━━━━━ Source data
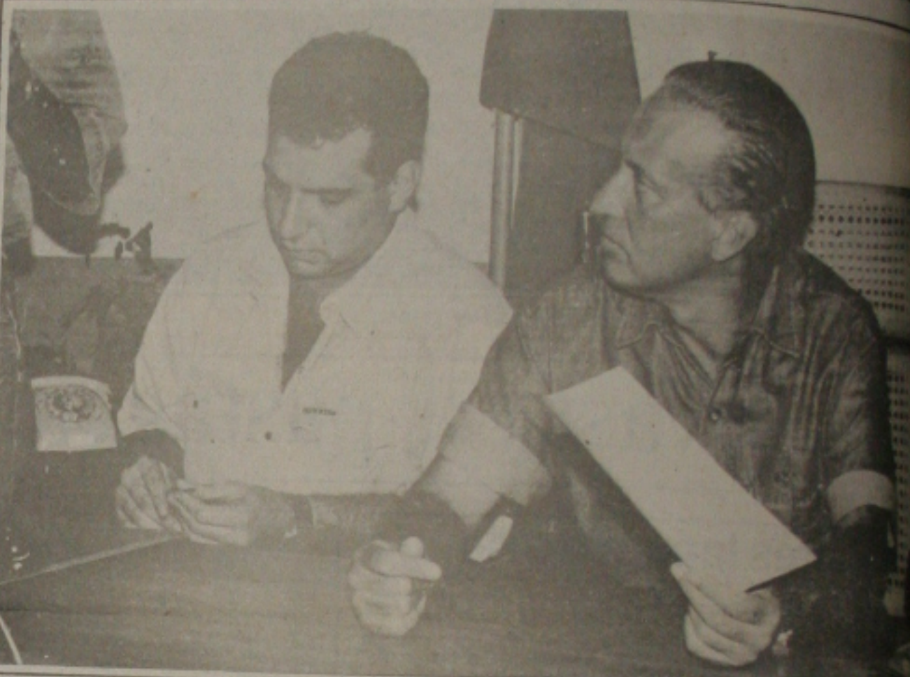
Na cidade de Munbea, ele assinou convênio para a construção de obras de interesse da comunidade...
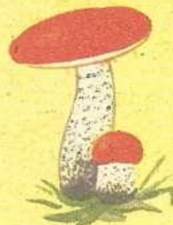
Грибы 70 000
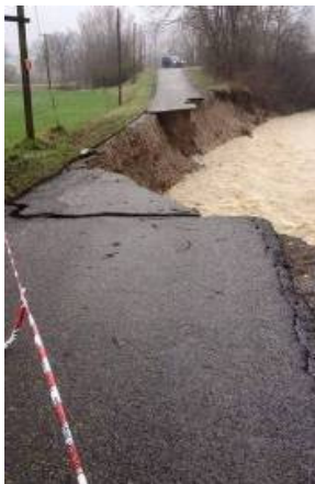
Gropparello – T. Riglio, strada comunale di Veggiola

Regione Emilia-Romagna Piano dei primi interventi urgenti di protezione civile del territorio regionale Ordinanza del Capo Dipartimento di Protezione Civile n. 351 del 3 giugno 2016
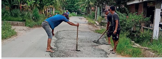
Pengusaha PKS PT BSC di Kecamatan Galang rutin memperbaiki jalan
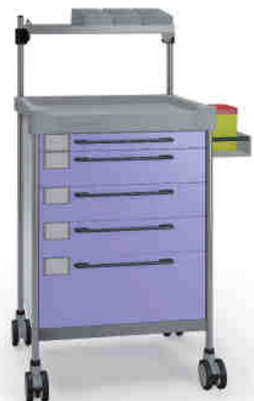
3135 F 365 F.26LW(R2).32R
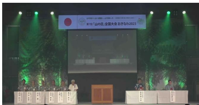
【第7回 沖縄大会 記念式典の様子】
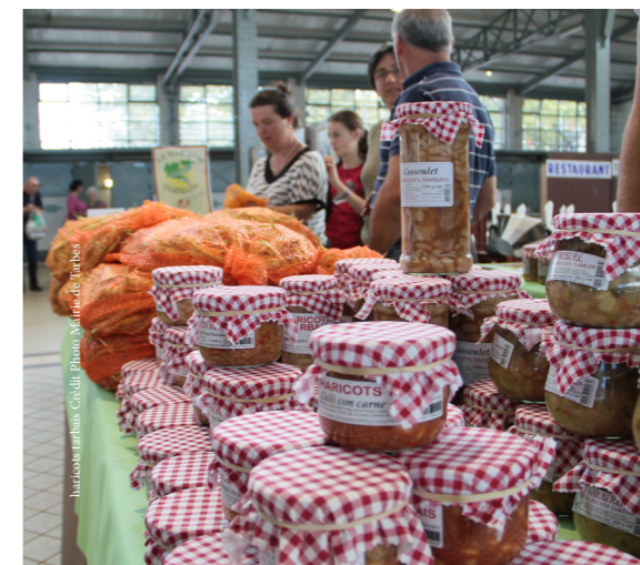
haras-tarbes - Credit Photo: Mairie de Tarbes
━━━━━━━━━━
## Task to carry out
Each line from the one with "Грибы 70 000" through the final line of the records must be copied exactly, with no pictures and no additional lines.

## Output for this task
Грибы 70 000
Gropparello – T. Riglio, strada comunale di Veggiola

Regione Emilia-Romagna Piano dei primi interventi urgenti di protezione civile del territorio regionale Ordinanza del Capo Dipartimento di Protezione Civile n. 351 del 3 giugno 2016
Pengusaha PKS PT BSC di Kecamatan Galang rutin memperbaiki jalan
3135 F 365 F.26LW(R2).32R
【第7回 沖縄大会 記念式典の様子】
haras-tarbes - Credit Photo: Mairie de Tarbes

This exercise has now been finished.